Now, like any indicator, it is not always correct. When copper "stalls out" while the stock market keeps moving higher, this is a warning sign. A daily chart of copper ($COPPER - green area plot) versus the S&P 500 ($SPX - black linear plot) during 2007-2008 gives a recent example of copper's ability (or lack thereof) to warn stock speculators:



Along those lines, copper at this point has failed to make a new intermediate term high above its January peak, unlike the stock market. Of course, I don't know if copper is going to turn around next week and make new highs or not. I am not making a specific copper price prediction here, although I wouldn't go long copper here even if the money to speculate on this outcome was given to me for free.

But I wanted to comment more specifically on the copper to Gold ratio (i.e. the copper price in U.S. Dollars divided by the Gold price in U.S. Dollars), which is a lesser known but interesting ratio chart to monitor. It is not predicting rosy times ahead for the stock market or economy on an intermediate-term basis.

Here's the copper to Gold ratio (i.e. $COPPER:$GOLD - green area plot) on a weekly chart over the past 5 years versus the S&P500 (i.e. $SPX - black linear plot) with my thoughts:



And here's some recent chart action of the copper to Gold ratio, using the ETF proxies of GLD for Gold and JJC for copper (i.e. JJC:GLD) so that I can show part of today's action:



Because this is a ratio chart, it doesn't require the copper price to decline for the ratio to decline. It simply means Gold is likely to outperform copper, and this is not a sign of a healthy economy. Since I think the U.S. Dollar is in a topping pattern, copper could actually go higher or at least tread water while Gold explodes higher. This would be a sign of "unhealthy" inflation (i.e. not the "healthy" kind that makes many of the herd feel richer).

I remain long things precious and metal and wildly bullish on the intermediate and long term prospects for Gold and Gold miners, regardless of what the general stock market does. On a side note, those looking for fundamental data on miners should check out this new site: www.miningalmanac.com.
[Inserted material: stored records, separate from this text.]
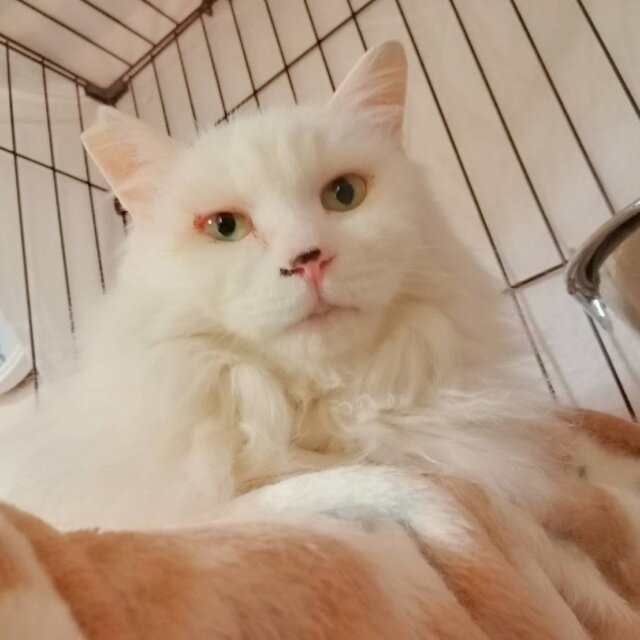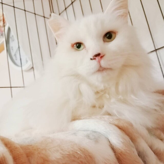 大人しく、撫でられるのが大好きな白長毛の女の子。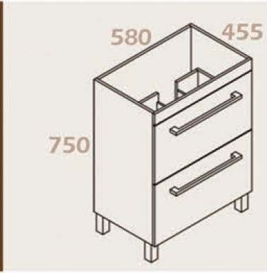 Indi 750 Free Standing 2 Drawers M Handles Soft close runner Dimensions: Width: 730mm Height: 750mm Depth: 455mm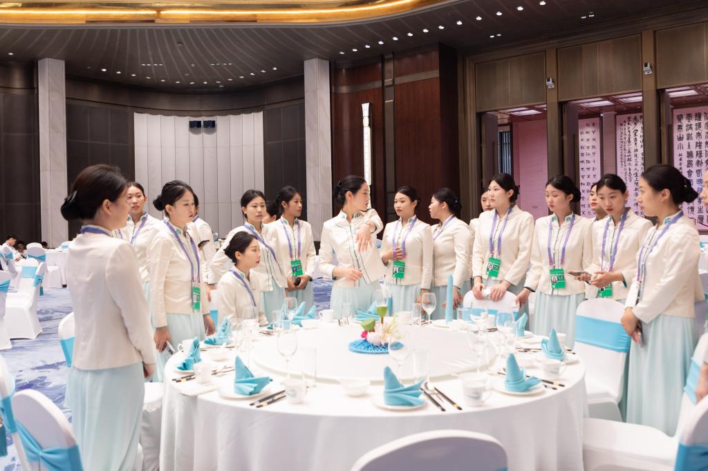 因会议时间与学生暑期返校时间临近且两次会议间隔时间较短,为保障会议服务工作的顺利开展,今年暑期前,学院团委积极对接青岛国际会议中心,高标准完成了志愿者的面试选拔工作。志愿者返校后,根据会议中心时间安排,全面细致地接受了志愿服务规范、外事礼仪、岗位技能等内容的通识培训及专业培训。会议开展期间,志愿者落落大方、热情有礼,用专业的服务和灿烂的微笑迎接着每一位参会嘉宾,他们用实际行动展现了山外学子的使命担当和青春风采。

It is free for now, though I doubt it will stay that way for long. My efforts to provide an updated junior Gold miner spreadsheet were short-lived, as I don't have the time or energy to keep it up to date. I have decided to just stick with the smaller cap Gold mining sector as a whole using the GDXJ ETF for most new long trades in the junior mining patch. I will leave it to others to discover "the next ten bagger," although I hope (wish? pray?) that they will post a comment or two when they find it...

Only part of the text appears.